> _Data provided_:
^^^^^^^^

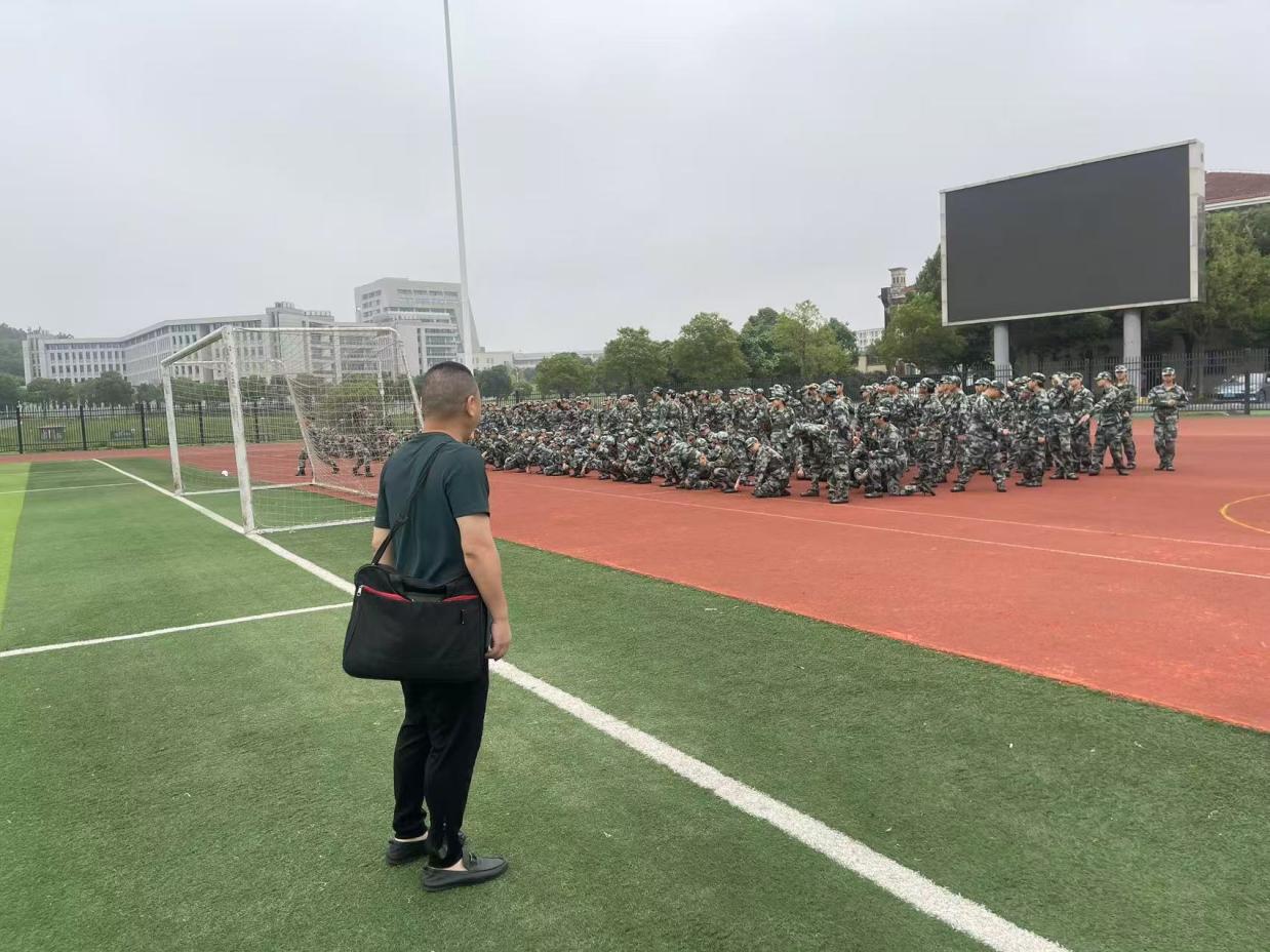 当日上午,荣军老师和鲁睿其老师专程前往军训场地看望学生。老师们穿梭在训练队伍中,仔细查看同学们的训练状态,关切询问大家的身体状况与适应情况,并为学子们加油鼓劲。
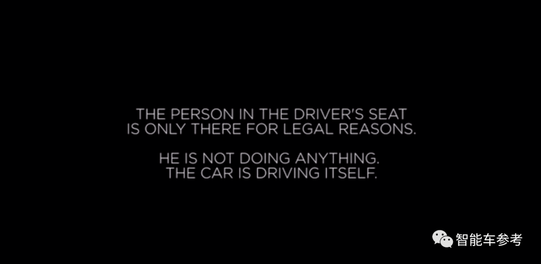 视频一开头车还没出场,黑底白字正告:“视频中驾驶员仅因为法规要求坐在驾驶位,他全程没有操作汽车,特斯拉自己驾驶自己”。
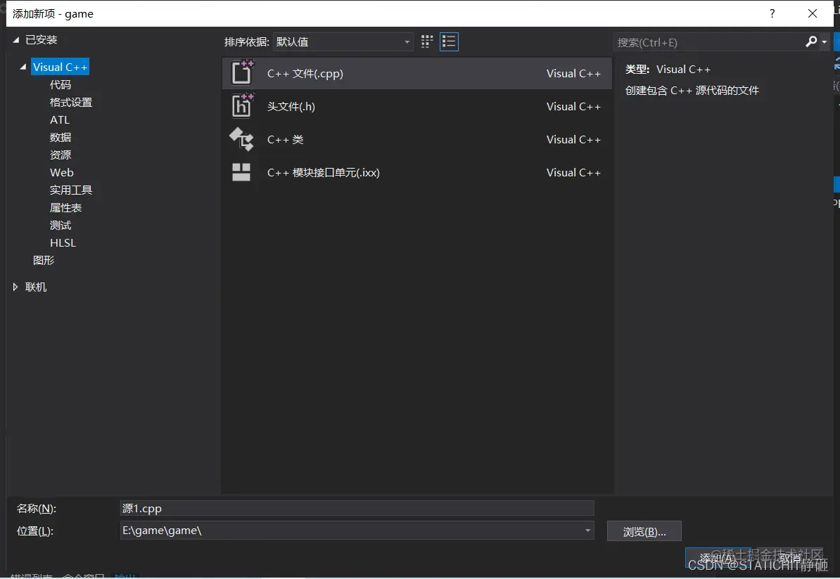 右键点击源文件->添加->新建项->第一个C++文件(.cpp)->填入文件名称->创建源文件

^^^^^^^^

> _To do_: Restate word for word, please, the line containing "视频一开头车还没出场,黑底白" and all lines after it through the end of the material; the pictures do not belong in the copy.

> _Answer for the task_:
 视频一开头车还没出场,黑底白字正告:“视频中驾驶员仅因为法规要求坐在驾驶位,他全程没有操作汽车,特斯拉自己驾驶自己”。
 右键点击源文件->添加->新建项->第一个C++文件(.cpp)->填入文件名称->创建源文件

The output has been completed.